To analyse the extent to which parties’ and voters’ behaviour around the different cleavages change congruently, the cleavages need to be defined. In established European democracies, scholars have typically identified two cleavages. First, there is an economic dimension, which structures attitudes towards the redistribution of wealth and the role of the state therein, and a cultural or social one (Heath et al. 1994; Hooghe et al. 2002). The second cleavage seems to have changed in recent years from one dimension—namely, the moral debate between religious and secular society, often related to traditional or religious views versus progressive or liberal ones—to a new conflict more closely related to globalization and the blurring of national borders and identities that has reshaped alliances in western European countries (Kriesi et al. 2008, pp. 13–15 & 270).

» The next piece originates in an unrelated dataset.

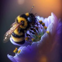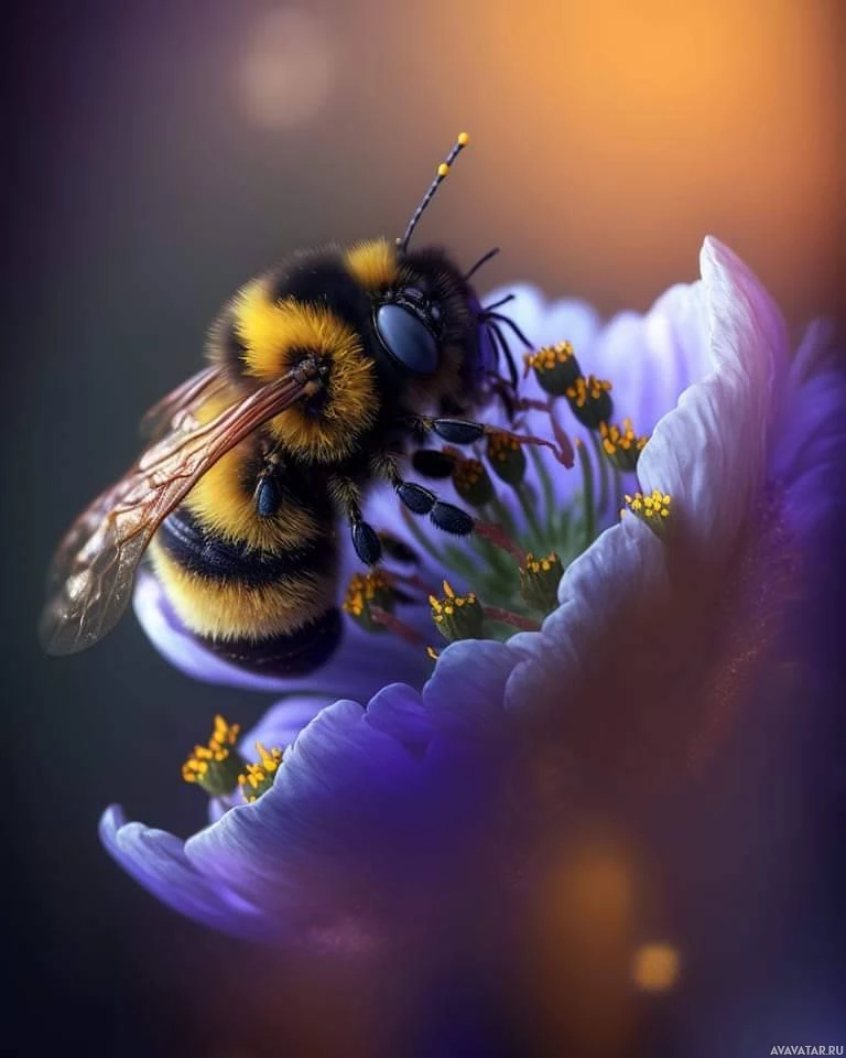 purple petals. The bee's wings are spread out slightly, showing its pattern typical for this species, which consists of alternating dark and light stripes that are characteristic of yellowjackets.

Moreover, in some countries, a conflict concerning the structure of the state could exist that could relate to the distribution of power among territorial units or among democratic institutions (Hutter et al. 2017; Vidal 2017). That conflict seems to also have its own logics and to cut across alliances created around the cultural and economic cleavages (Polk et al. 2017; Toubeau and Wagner 2013).

In sum, four cleavages can be identified: an economic one, a moral or religious one, one about globalization and another about state structure. That list partly overlaps the four cleavages identified by Lipset and Rokkan (1967), although territorial cleavage has shifted from a rural–urban conflict to one about globalization.

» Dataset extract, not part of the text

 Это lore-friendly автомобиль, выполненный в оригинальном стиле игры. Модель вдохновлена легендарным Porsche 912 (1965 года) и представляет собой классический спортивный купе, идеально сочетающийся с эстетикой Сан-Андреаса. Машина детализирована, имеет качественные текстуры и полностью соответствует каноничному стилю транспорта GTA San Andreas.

The analysis is done at the level of elections or the party system and includes elections held in 18 western European countriesFootnote 1 since the early 1970s.Footnote 2 The western European context affords an opportunity to compare countries relatively close in geographic and political terms that are affected by fairly similar dynamics but have entirely distinct party and political systems. The selection of elections depends on the availability of data from the different countries and includes all years of data available. The dependent variable is the level of association between party choice and voters’ positions around cleavages at each election. The explicative variables are, on the one hand, the emphasis and polarization on issues presented by parties to voters at previous and current elections specified according to the hypotheses and, on the other, the political, economic and social changes liable to attract the attention of voters to certain conflicts. The next sections explain how these variables are operationalized.

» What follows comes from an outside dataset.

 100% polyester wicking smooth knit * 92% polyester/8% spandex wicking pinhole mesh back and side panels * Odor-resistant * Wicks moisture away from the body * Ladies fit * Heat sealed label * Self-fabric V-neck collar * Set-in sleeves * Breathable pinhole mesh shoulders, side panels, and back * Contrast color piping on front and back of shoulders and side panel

Independent variable: parties’ behaviour

Parties’ behaviour and their strategies for stressing or not stressing cleavages are measured using data from the Comparative Manifestos Project, which is the sole data source that allows comparison across countries during the period under study (Gemenis 2013, p. 18).Footnote 3 Attention paid to the different cleavages by parties is calculated by totalling the weighted average space dedicated to the cleavage by all parties in the political system at each election (Stoll 2004, p. 104)Footnote 4:

$$S_{ie} = \mathop \sum \limits_{j = 1}^{J} w_{je} M_{iej}$$

in which \(S_{iem}\) is emphasis placed on the cleavage, i, at an election, e; J is the number of parties running in the election; \(M_{iej}\) is the emphasis of different parties on each cleavage; and \(w_{je}\) is the electoral weight of each party, calculated as the percentage of the vote received in the previous two elections. Applying weight according to the electoral strength of the party takes into account that not all parties have the same power to shape the agenda of the system. To explain, not only do some parties receive more attention than others from the media (Lefevere and Dandoy 2011), but also voters rely on the most visible parties to structure their understanding of their votes (Popkin 1991, pp. 91–93).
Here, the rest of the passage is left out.